After an uneasy moment of quiet, Pablo asked, “What are you going to do with your share of the money?”
Luis considered the question before deciding to answer it. “I haven’t told you this, but my sister just arrived. I’m going to help Maria get settled. I promised I’d take care of her.”
“Maria’s here? In Hayslip? ” Pablo then separated Maria’s name into three lovely parts, wrapping each syllable in a verbal caress, “Ma—ri—a.”
Luis’s eyes narrowed, and his lips pressed together into a scowl. Maria turned men into fools. He glowered at Pablo.
Smiling apologetically, Pablo turned his attention to the particulars of the miserable weather outside the door window. He edged closer to the glass as his hand swept back and forth, wiping away condensation. “Shit . . . Some guy is watching us. He’s standing by that tree. Look!”
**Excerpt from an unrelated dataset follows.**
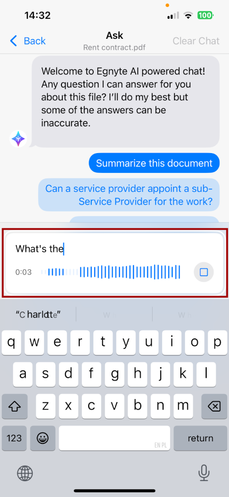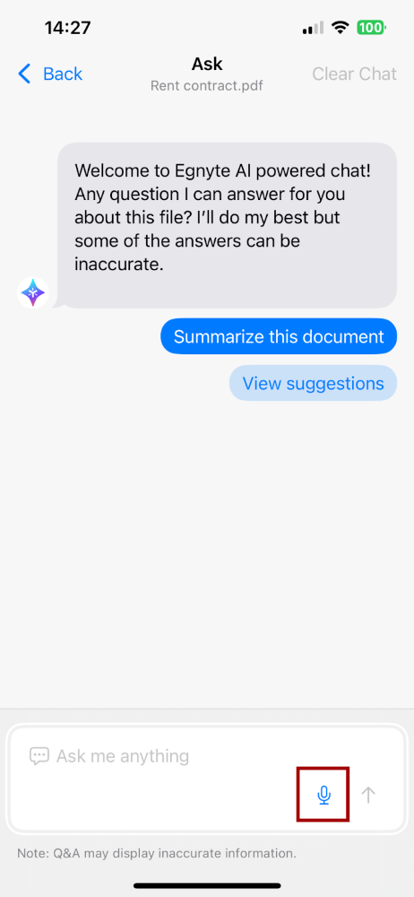 AI-Driven Document Summarization & Document Q&A is available to users who have version 8.27 (or higher) of the Egnyte iOS App. The most up to date version of the Egnyte app is available in the Apple App Store.

The tightness in Luis’s chest returned, squeezing the air from his lungs. Struggling to breathe, he slid closer to Pablo’s window to see through the grey mist. After several tense seconds, he returned to his former position. “It’s only a shadow. Yes, it looks like a man, but it’s not. You need glasses.”
“But I saw him move. He walked—”
Glasses.”
Pablo folded his arms around his chest and his bottom lip jutted out.
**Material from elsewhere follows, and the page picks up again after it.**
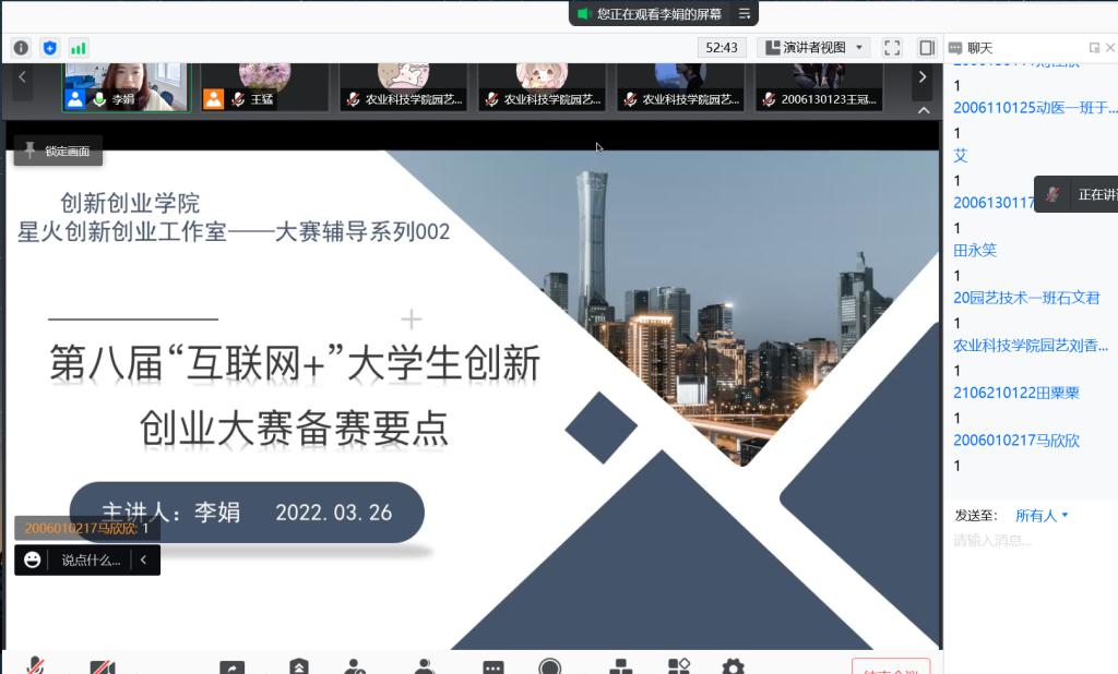为了深入落实习近平总书记给第三届中国“互联网+”大学生创新创业大赛“青年红色筑梦之旅”大学生的重要回信精神,增强我院大学生的创新意识和创新能力,引导同学们积极参与、认真备战必赢第八届“互联网+”大学生创新创业大赛,我院于3月26日下午邀请了国土资源与测绘工程学院李娟副教授为参赛学生进行了题为《第八届“互联网+”大学生创新创业大赛备赛要点》的线上专题讲座,讲座由党总支副书记王猛主持。

After their breath had fogged the windshield completely, Luis said, “Okay, let’s go.”
11. Use side rails to get into truck bed. Don’t leave footprints on wet ground.
Stepping onto slick side rails, they climbed into the cargo area. The men stood on either side of the rug, staring down at it expectantly as if it might suggest how best to move it.
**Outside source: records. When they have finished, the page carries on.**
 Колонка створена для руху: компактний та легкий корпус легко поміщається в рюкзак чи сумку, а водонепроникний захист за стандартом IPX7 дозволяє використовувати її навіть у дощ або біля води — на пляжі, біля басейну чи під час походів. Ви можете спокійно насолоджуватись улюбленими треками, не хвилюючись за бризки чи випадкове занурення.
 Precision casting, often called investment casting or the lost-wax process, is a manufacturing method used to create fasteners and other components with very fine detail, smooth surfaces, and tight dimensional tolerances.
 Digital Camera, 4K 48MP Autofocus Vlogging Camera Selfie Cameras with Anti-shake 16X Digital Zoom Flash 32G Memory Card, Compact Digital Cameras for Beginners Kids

“Did he tell you who’s in the rug?” Pablo asked. “Do you know? What did he do wrong?”
“Don’t know. Don’t care,” Luis said. “Let’s lift it.”
Crouching down, they tried to lift the carpet, but discovered it was too heavy to pick up. The long downpour had soaked it for several hours after they took it from the mansion to hide it until nightfall in the woods. Now, filled with both water and a body, the dead weight stuck to the truck bed as if glued. After minutes of futile strain, both of them were breathing heavily. They sat across from each other on the sides of the truck bed to catch their breath.
“The goddamn thing won’t budge,” Pablo said. He straightened and put a hand on his back.